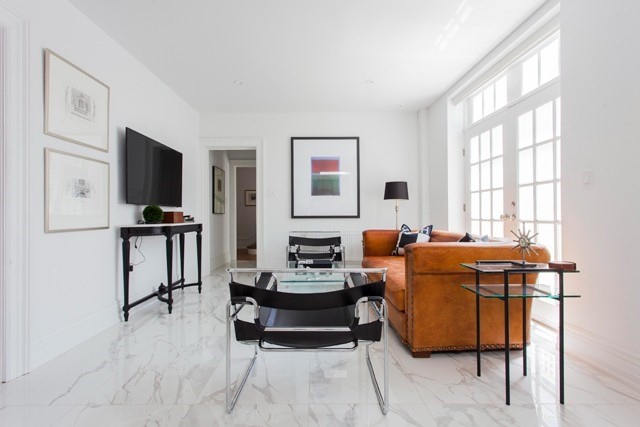 Hardwood Floor Marble Fireplace W/O To Sunroom
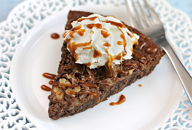It’s basically your granny’s brownie pie taken to the next level. About 10 minutes before it’s done, you sprinkle the top with chopped Goo Goos (or any other candy bar) and slide it back in the oven, so those pieces melt into a rich, gooey top layer that’s been known to inspire others to take out the trash in a spontaneous act of gratitude.
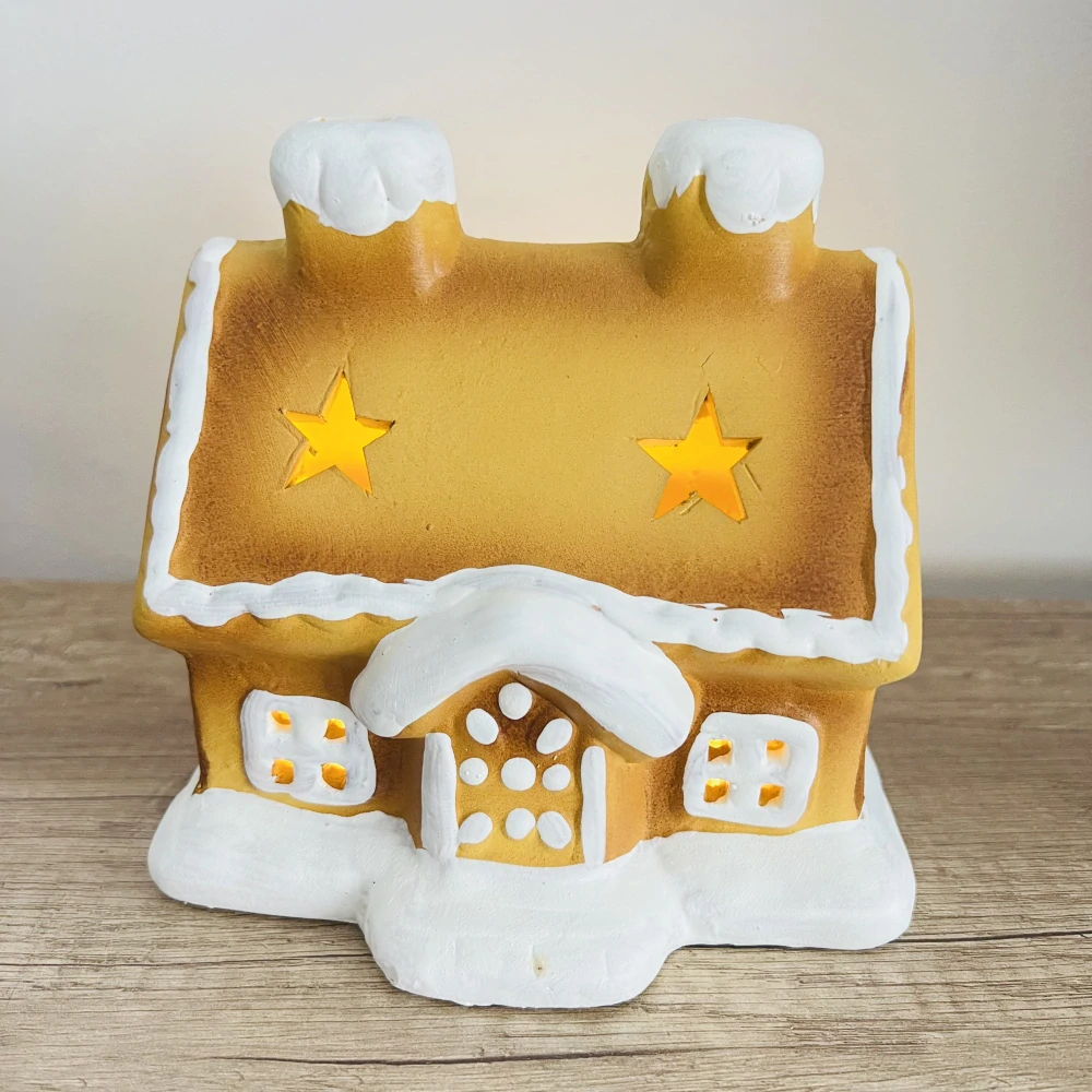 Zimní dekorace perníkový domek na čajovou nebo LED svíčku
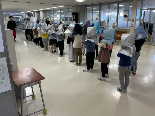 今日は、今年度最後の避難訓練がありました。校庭の状態が悪かったため、廊下避難になりました。今日の訓練は、予告なし、地震から放送室が火事になり、放送ができず先生たちが声で避難を知らせる訓練でした。どの学年も、おかしもち のルールを守って落ち着いて行動できました。
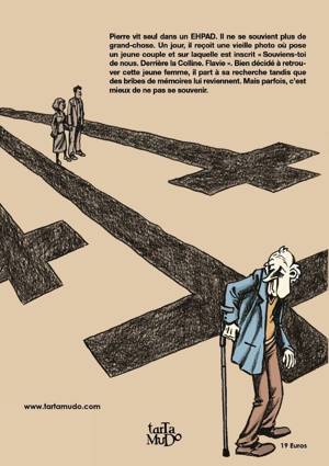 Pierre vit seul dans un EHPAD. Il ne se souvient plus de grand-chose. Un jour, il reçoit une vieille photo où pose un jeune couple et sur laquelle est inscrit « Souviens-toi de nous. Derrière la Colline. Flavie ». Bien décidé à retrouver cette jeune femme, il part à sa recherche tandis que des bribes de mémoires lui reviennent. Mais parfois, c'est mieux de ne pas se souvenir. Nostalgie et amnésie morcellent leurs souvenirs et leur histoire. Mais il faudra bien que quelqu'un ramasse les morceaux.
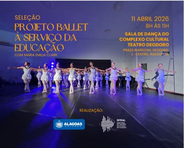 A Diretoria de Teatros do Estado de Alagoas (Diteal), em parceria com a bailarina Maria Emília Clark, promove no próximo dia 11 de abril (sábado) a seletiva 2026 para o projeto Ballet à Serviço da Educação. A ação integra o projeto “Formação do Bailarino Clássico e Projetos Coreográficos Diversos”, iniciativa gratuita que há 10 anos contribui para a formação artística de estudantes da rede pública em Alagoas.

══════════

Pictures aside, return exactly the lines from the data above, starting at the line that has "Zimní dekorace perníkový" and ending at the line that has "今日は、今年度最後の避難訓練", both included.

Finished exercise:
 Zimní dekorace perníkový domek na čajovou nebo LED svíčku
 今日は、今年度最後の避難訓練がありました。校庭の状態が悪かったため、廊下避難になりました。今日の訓練は、予告なし、地震から放送室が火事になり、放送ができず先生たちが声で避難を知らせる訓練でした。どの学年も、おかしもち のルールを守って落ち着いて行動できました。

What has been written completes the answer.